Bird Adaptations

Birds all share some characteristics. All birds are warm-blooded, or endothermic, animals. Birds are vertebrates because they have backbones. All birds have a four-chambered heart, a characteristic they share with mammals. All birds lay hard-shelled eggs. Birds have only two legs. Their forelimbs have become modified into wings for flying. All modern birds evolved from ancestors that could fly. Some modern birds, like penguins and ostriches, don't fly today. But they still have feathers and wings. Feathers probably evolved from reptiles' scales. Both feathers and scales are made of the same tough material as your fingernails. Birds' feet and legs have scales on them.

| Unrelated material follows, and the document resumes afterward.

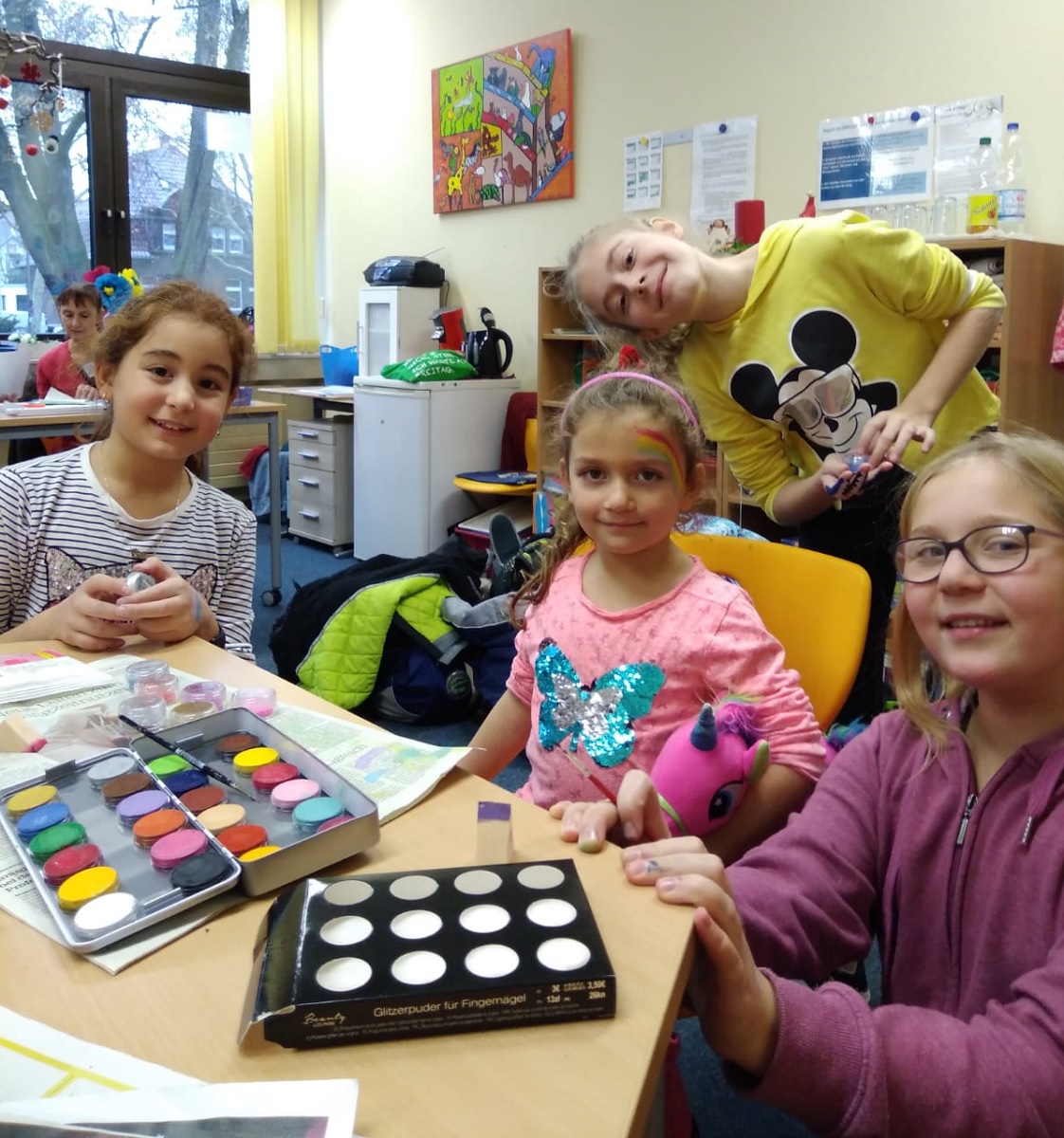 Das Betreuungsteam des Offenen Ganztags am Gymnasium Petrinum resümiert: das Angebot, die Geschwisterkinder am gesamten Elternsprechtag zu betreuen, war ein großer Erfolg. Eltern waren voll des Lobes, da ihre jüngeren Kinder mit sehr viel Spaß und Spiel beschäftigt wurden; es gab ein kunterbuntes Programm. Besonders das Kinder-Schminken erfreute sich großer Beliebtheit. Da es bei diesem ersten Mal ein so gute Resonanz und viel positives Feedback gab, werden wir dieses Angebot im nächsten Schulhalbjahr gerne wieder einrichten.

The bodies of birds are adapted for flying. Many of a bird's bones are hollow which makes birds' bodies lightweight. Flying birds have large chest muscles that move the wings. Birds have feathers that help them fly. The long flight feathers on the wings and tail help birds balance and steer. In addition, birds have a system of air sacs in their body that connect to the lungs. The air sacs enable birds to extract much more oxygen from each breath of air than other animals can. Birds need extra oxygen to release large amounts of energy to power their flight. Their four-chambered heart also helps a bird get more oxygen. The advantage of a four-chambered heart is that there is no mixing of oxygen-rich and oxygen-poor blood. Blood that arrives in the bird's body tissues has plenty of oxygen.

Birds also have well-developed brains and keen eyesight. In order to fly, birds must have very quick reactions. When approaching a tree or cliff, a bird has only a few seconds to spot a place to land safely and avoid crashing. Most birds have keener eyesight than humans do. Birds' eyes are much larger in relation to their body size than humans' eyes.